Check some stoi() values

In [46]:
en_vocab.get_stoi()["my"]


0

Can also use the object as a dict.

In [15]:
en_vocab["my"]

1916

Get index of special tokens

In [16]:
en_vocab[unk_token], en_vocab[pad_token], de_vocab[unk_token], de_vocab[pad_token]

(0, 1, 0, 1)

We can also look up indices of multiple words

In [48]:
tokens = ["my","name","is","the","sugar"]
en_vocab.lookup_indices(tokens)



[1916, 1507, 10, 7, 0]

Get size of the vocabulary in both languages

In [40]:
len(en_vocab), len(de_vocab)

(5893, 7853)

The vocab. can be used like a Map and similar operations can be performed on it.

The special tokens will have the same id and using an Assert we can confirm that.

In [19]:
assert en_vocab[unk_token] == de_vocab[unk_token]
assert en_vocab[pad_token] == de_vocab[pad_token]

Set the default index. The default index is returned if some token is not found in the vocab. This is a very important step, as you will get 'key' not found errors.

In [49]:
en_vocab.set_default_index(en_vocab.get_stoi()[unk_token])
de_vocab.set_default_index(en_vocab.get_stoi()[unk_token])
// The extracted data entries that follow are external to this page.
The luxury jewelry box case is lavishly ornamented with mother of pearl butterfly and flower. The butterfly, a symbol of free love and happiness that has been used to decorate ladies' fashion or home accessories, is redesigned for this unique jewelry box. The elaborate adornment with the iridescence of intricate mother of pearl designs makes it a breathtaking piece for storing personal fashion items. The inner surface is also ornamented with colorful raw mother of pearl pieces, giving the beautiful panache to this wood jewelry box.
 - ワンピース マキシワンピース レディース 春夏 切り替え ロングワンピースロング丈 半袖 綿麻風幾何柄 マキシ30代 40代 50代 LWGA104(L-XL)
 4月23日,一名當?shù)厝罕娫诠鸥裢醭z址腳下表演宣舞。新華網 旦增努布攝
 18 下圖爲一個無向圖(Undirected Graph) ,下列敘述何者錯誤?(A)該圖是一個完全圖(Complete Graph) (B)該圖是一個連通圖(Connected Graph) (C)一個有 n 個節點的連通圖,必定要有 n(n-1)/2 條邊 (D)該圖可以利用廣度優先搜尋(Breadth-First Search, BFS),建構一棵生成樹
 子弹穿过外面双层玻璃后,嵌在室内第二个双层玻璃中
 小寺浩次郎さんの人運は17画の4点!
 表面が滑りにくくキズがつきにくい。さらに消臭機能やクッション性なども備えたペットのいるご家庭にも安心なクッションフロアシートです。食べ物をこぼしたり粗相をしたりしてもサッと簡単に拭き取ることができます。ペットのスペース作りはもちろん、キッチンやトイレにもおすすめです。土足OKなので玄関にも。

The following function will return the indices for any passed group of string and will behave in a similar way like we call map. 

In [28]:
def numericalize_example(example, en_vocab, de_vocab):
    en_ids = en_vocab.lookup_indices(example["en_tokens"])
    de_ids = de_vocab.lookup_indices(example["de_tokens"])
    return {"en_ids": en_ids, "de_ids": de_ids} 

Using the above function let's add the token ids to the train, validation and test data

In [50]:
fn_kwargs = {"en_vocab": en_vocab, "de_vocab": de_vocab}

# Add the en_ids and de_ids rows
train_data = train_data.map(numericalize_example, fn_kwargs=fn_kwargs)
valid_data = valid_data.map(numericalize_example, fn_kwargs=fn_kwargs)
test_data = test_data.map(numericalize_example, fn_kwargs=fn_kwargs)

Map: 100%|██████████| 29000/29000 [00:02<00:00, 11001.75 examples/s]
Map: 100%|██████████| 1014/1014 [00:00<00:00, 12143.28 examples/s]
Map: 100%|██████████| 1000/1000 [00:00<00:00, 12170.35 examples/s]
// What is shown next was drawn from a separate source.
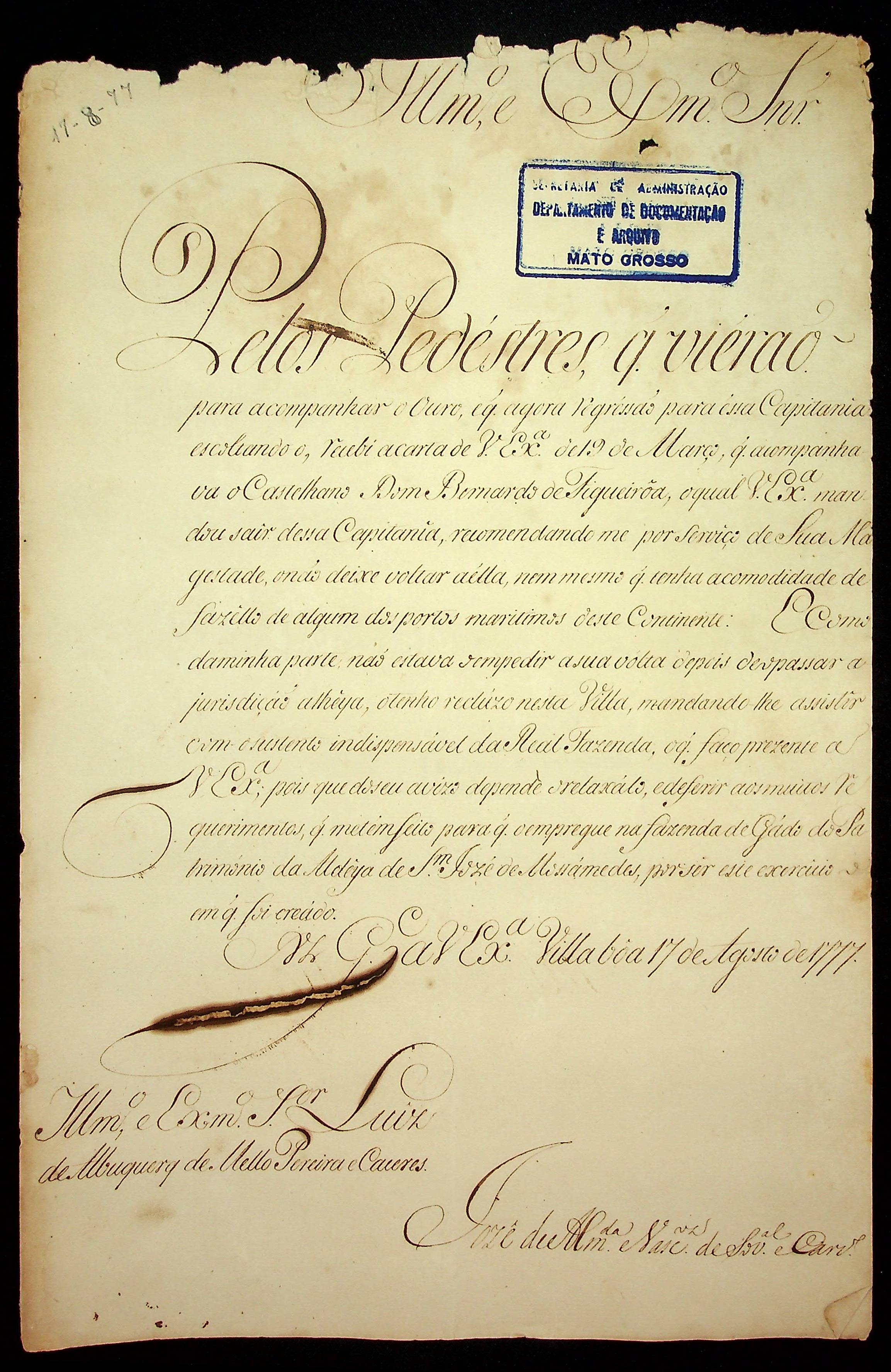 CARTA do [Governador e Capitão-General da Capitania de Goiás] José de Almeida Vasconcelos de Soveral e Carvalho, ao [Governador e Capitão-General da Capitania de Mato Grosso] Luiz de Albuquerque de Melo Pereira e Cáceres.

Check one row and see the additional column that is added. 'en_ids' and 'de_ids' contain the ids (or token ids) of the words:

In [None]:
train_data[0]

Convert specific columns of en_ids and de_ids to torch tensors.We will use the with_format() function.

In [52]:
data_type = "torch"
format_columns = ["en_ids", "de_ids"]

train_data = train_data.with_format(
    type="torch", columns=format_columns, output_all_columns=True
)

valid_data = valid_data.with_format(type="torch",
    columns=format_columns,
    output_all_columns=True,
)

test_data = test_data.with_format(type="torch",
    columns=format_columns,
    output_all_columns=True,
)

Torch's  DataLoader class will be used to create the batch. Dataloader can call special functions when creating batches, and we will use a collate (Combine) function to pad the input sequence. Padding of input sequence is important as the matrix for weights is fixed. pad_sequence() of nn.utils will be used to pad the sequence.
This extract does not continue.